## TASK INSTRUCTIONS
Go through the records below line by line. Count the lines with "ranch" and give the count alone.

## DATA EXCERPTS
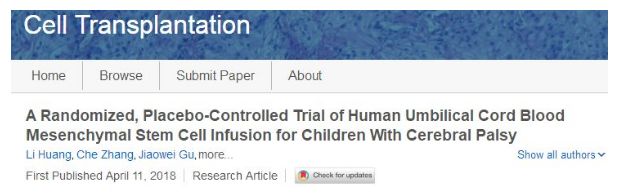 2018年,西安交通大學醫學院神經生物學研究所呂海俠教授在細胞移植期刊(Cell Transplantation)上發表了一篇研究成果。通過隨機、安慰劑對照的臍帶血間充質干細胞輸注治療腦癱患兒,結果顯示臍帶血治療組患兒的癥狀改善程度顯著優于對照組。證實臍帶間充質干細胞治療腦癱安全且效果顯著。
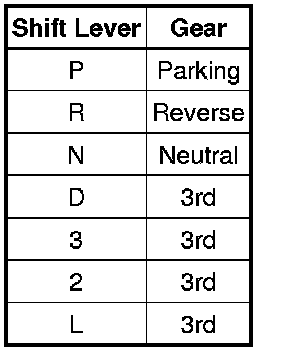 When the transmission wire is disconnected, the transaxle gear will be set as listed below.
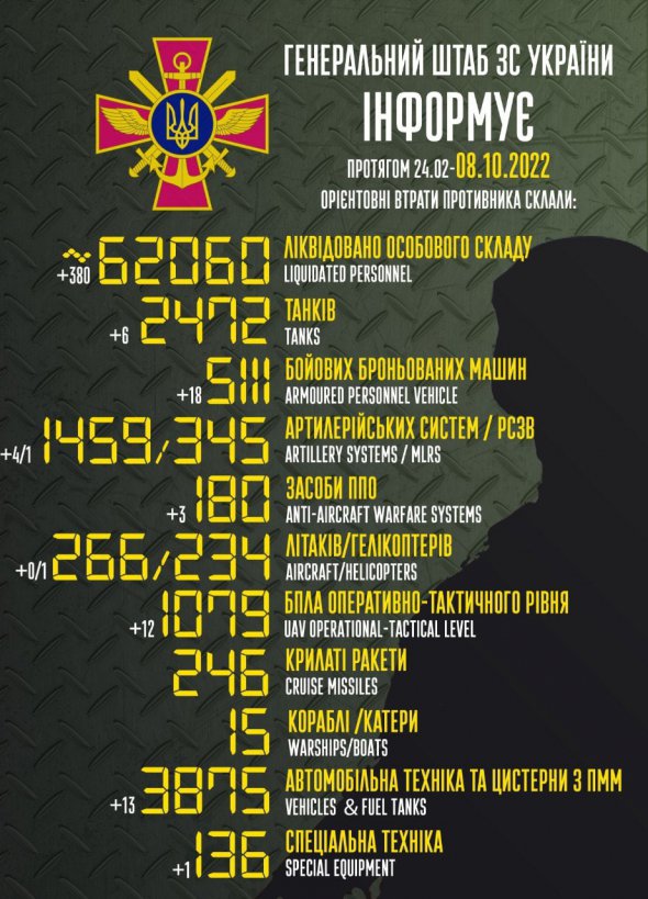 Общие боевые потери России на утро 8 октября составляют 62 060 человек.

---

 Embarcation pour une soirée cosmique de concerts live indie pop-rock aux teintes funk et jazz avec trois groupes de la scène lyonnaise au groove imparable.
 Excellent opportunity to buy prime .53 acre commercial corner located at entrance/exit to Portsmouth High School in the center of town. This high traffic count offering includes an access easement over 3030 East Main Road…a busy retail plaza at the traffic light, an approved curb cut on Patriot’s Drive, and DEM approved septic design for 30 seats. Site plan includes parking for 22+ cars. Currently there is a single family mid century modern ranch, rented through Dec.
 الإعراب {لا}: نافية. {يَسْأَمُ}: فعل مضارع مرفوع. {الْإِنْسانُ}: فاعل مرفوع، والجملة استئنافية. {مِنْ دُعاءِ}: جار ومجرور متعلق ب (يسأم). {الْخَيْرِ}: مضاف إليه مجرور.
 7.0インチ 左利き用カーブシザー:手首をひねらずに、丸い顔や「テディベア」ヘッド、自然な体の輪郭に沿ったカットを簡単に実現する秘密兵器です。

--

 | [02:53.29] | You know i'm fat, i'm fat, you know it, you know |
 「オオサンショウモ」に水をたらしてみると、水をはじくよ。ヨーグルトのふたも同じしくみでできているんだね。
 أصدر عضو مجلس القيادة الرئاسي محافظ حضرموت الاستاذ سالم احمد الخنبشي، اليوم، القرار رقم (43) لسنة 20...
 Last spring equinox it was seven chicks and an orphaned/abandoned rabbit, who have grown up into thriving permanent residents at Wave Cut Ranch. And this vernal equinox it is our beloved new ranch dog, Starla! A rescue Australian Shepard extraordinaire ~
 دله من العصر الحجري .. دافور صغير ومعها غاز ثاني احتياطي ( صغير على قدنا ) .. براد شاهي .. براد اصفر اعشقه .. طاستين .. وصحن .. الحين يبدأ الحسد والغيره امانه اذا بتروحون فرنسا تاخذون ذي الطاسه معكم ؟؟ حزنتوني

## WORKED SOLUTION
2